Muestra palpable de la ineficaz aplicación de lo anterior es la existencia de un Senado (llamado cámara alta), cuya función hasta ahora ha sido o permanecer adormecido (nido de premiados en la sopa institucional con una especie de retiro bien remunerado) o instrumento de obstrucción, si el partido gobernante no es el de su mayoría senatorial. Eso de cámara de representación autonómica y colegiada de presidentes autonómicos (supuesta misión constitucional) se quedó en agua de borrajas, en el limbo de las buenas intenciones nunca en verdad ejecutadas, porque no interesan.
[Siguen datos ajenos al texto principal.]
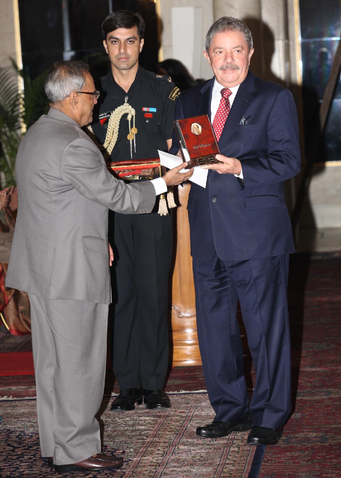The President of India, Shri Pranab Mukherjee Presenting the Indira Gandhi Prize for Peace, Disarmament and Development to the former President of the Federative Republic of Brazil, H.E. Mr. Luiz Inacio Lula da Silva at Rashtrapati Bhavan in Delhi on Nov 22, 2012

Aclarar, definir y marcar las competencias, una imperiosa necesidad. Marcar unos estándares de administración común a todos, otra. Aunar criterios y condiciones, sobre todo en lo que atañe al servicio ciudadano interterritorial, imprescindible. Definir Estado y su distribución, con la fijación correspondiente que evite intentos de ruptura, de vital importancia. Solo así se podría frenar el deterioro y el apoderamiento de estas necesidades, aumentado con la apelación a la unidad rota, por la ultraderecha y sus compañeros de viaje.
Desde luego, el vaciado de contenido de la Constitución (solo invocada según para qué pocas cosas) especialmente en su parte social, no ayudará a mantenerla. También una propaganda eficaz en acción denunciante la pueden realizar (y realizan) quienes quieren acabarla.
Este es el verdadero dilema y el verdadero peligro. Cosas accesorias como cierto folclorismo rancio y que solo por la inercia del tiempo se acabará, o la apelación religioso-católica también de resabios muy pasados y que la realidad social va desmintiendo, o la lucha por la exclusividad de símbolos, de todos considerados como propios de la derecha, con una política realista de la izquierda se acabarían.
Intentemos, como ya escribí, pensar un poco. Nos jugamos bastante si no lo hacemos a tiempo.